Un musicien de la Psyché

Loin, toutefois, de correspondre aux critères d’interprétation de la musique contemporaine, c’est dans l’opéra que Sinopoli trouva un semblant de salut. Dans Puccini (Tosca), Strauss (Salomé), Verdi (Nabucco) et Wagner (Tannhäuser). Les chanteurs aimaient travailler à ses côtés, et certains ne tarissaient pas d’éloges à son endroit, alors qu’un nombre non négligeable de passionnés d’opéras lui reconnaissaient même un talent rare. Norman Lebrecht cite l’exemple de ce thuriféraire de l’Italien, qui justifiait les choix de son idole par le fait que la musique représentait, en fait, les contradictions de la vie, les labyrinthes de l’esprit. «Pour lui, il existe un lien essentiel entre la forme musicale et l’environnement psychologique qui a présidé à son élaboration [...]. C’est une névrose qui pousse l’artiste à introduire sa sensibilité dans une forme artistique. L’artiste libère sa névrose et, du coup, il s’en délivre lui-même.»

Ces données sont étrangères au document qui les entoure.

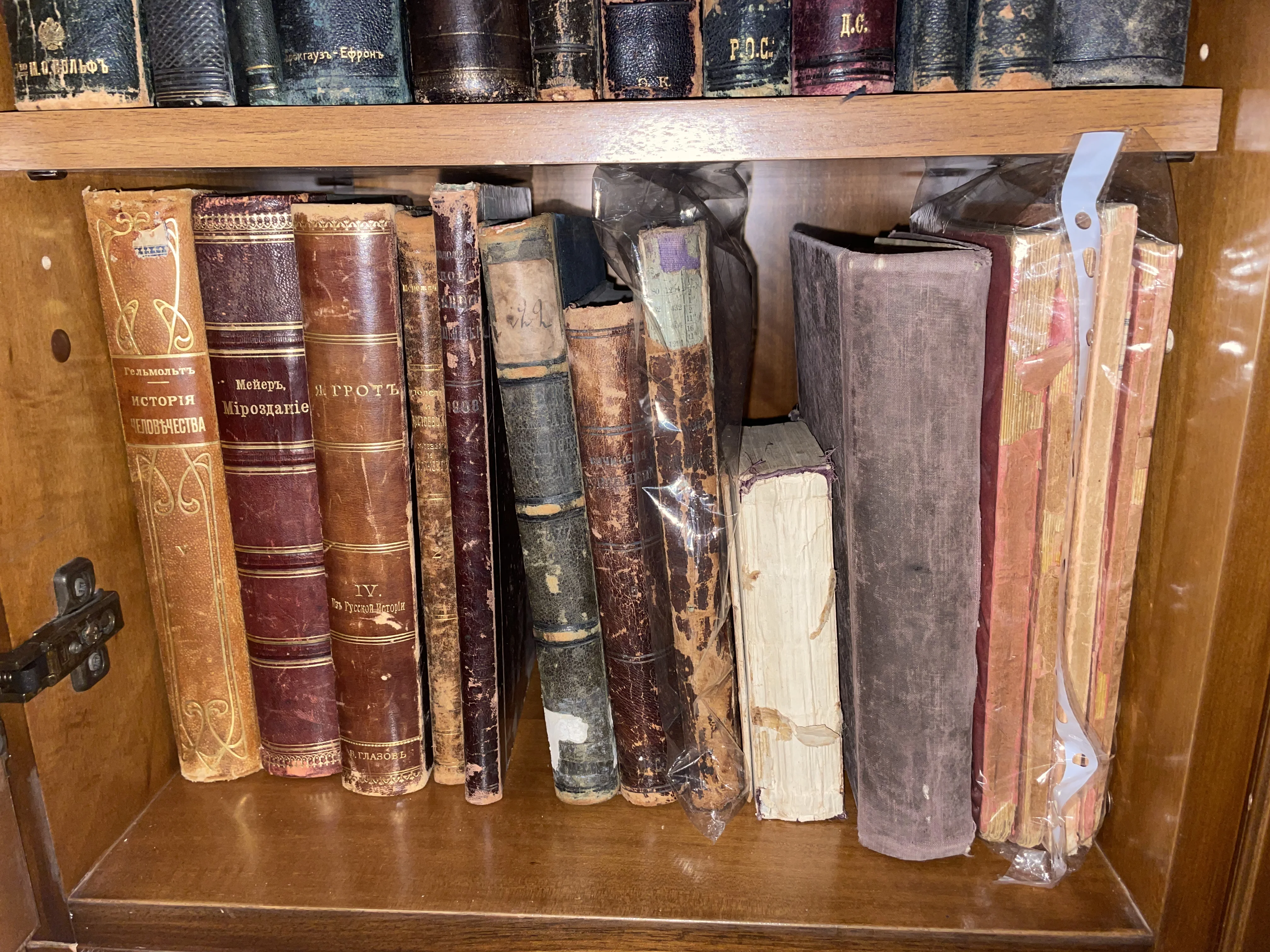 Старинные книги с золотым тиснением на корешках, включая тома Брокгауза и Ефрона, на деревянной полке.

Fumeuse théorie, de toute évidence, à mille lieux de la musique, en tout cas. Il n’empêche que cet Italien, qu’un Toscanini renierait sans doute, n’a jamais cessé de s’attirer les bonnes grâces de certains dirigeants d’Opéras, et pas les moins exigeants d’entre eux. À l’annonce de sa mort, depuis Bayreuth, Wolfgang Wagner a regretté dans un communiqué la perte d’un «des chefs d’orchestre contemporains les plus importants». Cet été, il devait venir de nouveau sur la colline sacrée y diriger le Ring. Il venait de signer un contrat avec l’Opéra de Dresde pour en devenir le directeur musical à compter de 2003. Sinopoli venant de passer la baguette à gauche, son mystère restera donc entier.